A study co-authored by Dr David Dodwell from Oxford Population Health has recommended that surgeons should aim to remove a 1mm wide margin of healthy tissue around a breast tumour to try to reduce the risk of cancer returning and improve breast cancer survival rates worldwide.

The findings indicate that inadequate margin widths may result in higher risks of distant recurrence (cancer returning in a different part of the body) and death as a result of breast cancer, as well as increased local recurrence (cancer returning at the same site).

After surgery, a pathologist measures the distance between the outer edge of cancer cells and the edge of the tissue that was removed to establish the width of the margin. Cancer guidelines suggest that allowing for a wider margin of healthy tissue when removing a tumour reduces local recurrence of breast cancer, but no data exist for distant recurrence.

To address this knowledge gap, an international team of researchers searched for published studies reporting on patients undergoing breast conserving surgery for early-stage invasive breast cancer who were monitored for a minimum of five years.

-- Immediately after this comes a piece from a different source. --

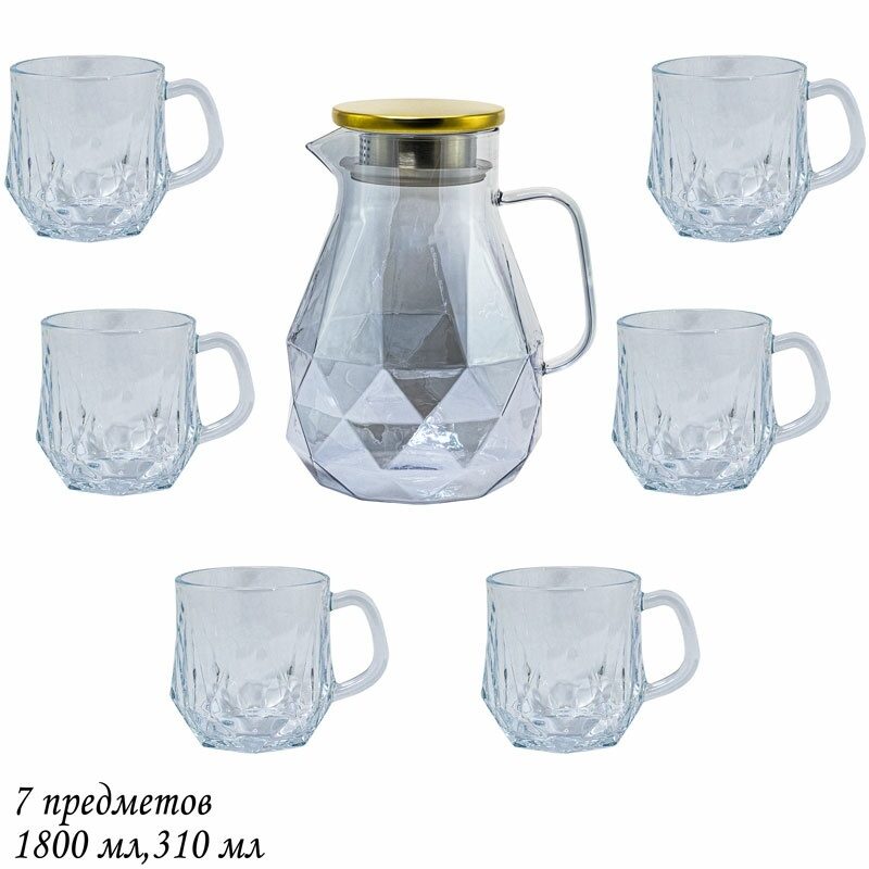 Набор: кувшин-заварник 1,9 л и 6 кружек 350 мл голубой, в подарочной упаковке lenardi. Набор: кувшин-заварник 1,9 л и 6 кружек 350 мл Кувшин-заварник с крышкой можно использовать как для горячих, так и холодных напитков. Выполнен из жаропрочного термостойкого боросиликатного стекла, его можно нагревать на газовой, электрической плите и кипятить в нём воду, подогревать напитки. Кувшин-заваник с золотой крышкой и фильтром. Чайник кувшин можно использовать для заваривания чая, трав. Материал: боросиликатное стекло Нельзя мыть в посудомоечной машине. Мыть мягкой губкой без абразивных средств.  развернуть описание ▼

A total of 68 observational studies published between 1980 and 2021 involving 112,140 patients with breast cancer (average age 56 years) were included in the analysis.

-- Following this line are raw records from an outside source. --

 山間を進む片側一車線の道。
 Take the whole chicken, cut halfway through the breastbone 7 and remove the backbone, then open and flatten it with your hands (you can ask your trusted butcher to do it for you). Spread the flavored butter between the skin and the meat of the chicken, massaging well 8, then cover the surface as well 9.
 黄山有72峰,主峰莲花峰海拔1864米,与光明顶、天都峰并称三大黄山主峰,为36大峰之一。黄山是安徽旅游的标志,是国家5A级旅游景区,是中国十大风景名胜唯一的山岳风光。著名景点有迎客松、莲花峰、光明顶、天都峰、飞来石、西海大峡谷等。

Tumour specimen margins were split into three categories based on the degree of healthy tissue removed: involved, meaning that little or no healthy tissue was removed from around the tumour; close, meaning that the healthy tissue measured 2mm or less; and negative, meaning that the healthy tissue measured 2mm or more.

Key findings:

  • Across all studies, the rate of distant recurrence was 25.4% in patients with involved margin tumours, 8.4% in patients with involved or close margins, and 7.4% in patients with negative margins;
  • Compared with negative margins, involved margins were associated with around a two-fold increased risk of distant recurrence and local recurrence;
  • Close margins were associated with a 38% increased risk of distant recurrence and a two-fold increased risk of local recurrence compared with negative margins, after adjusting for chemotherapy and radiotherapy treatment after surgery;
  • In five studies published since 2010, involved margins were associated with a 2.4-fold increased distant recurrence as were involved and close margins (1.4-fold increased risk) compared with negative margins.

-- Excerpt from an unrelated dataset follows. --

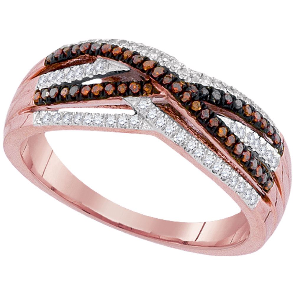 REF-37Y5X- SKU: GD93205 ---- 0.25 CTW Red Color Diamond Crossover Strand Ring 10KT Rose Gold

Recognising that the removal of wider margins require further surgery, the researchers suggest that decisions about re-excision ‘should be the product of an informed discussion between clinicians and patients with full disclosure of the risks of increased distant recurrence associated with close margins.’

Dr David Dodwell, Senior Clinical Research Fellow at Oxford Population Health, said ‘Caution is always required in inferring causality from observational data but given the inevitable lack of randomised evidence we recommend that guidelines relating to margin proximity are reviewed to reflect these findings.’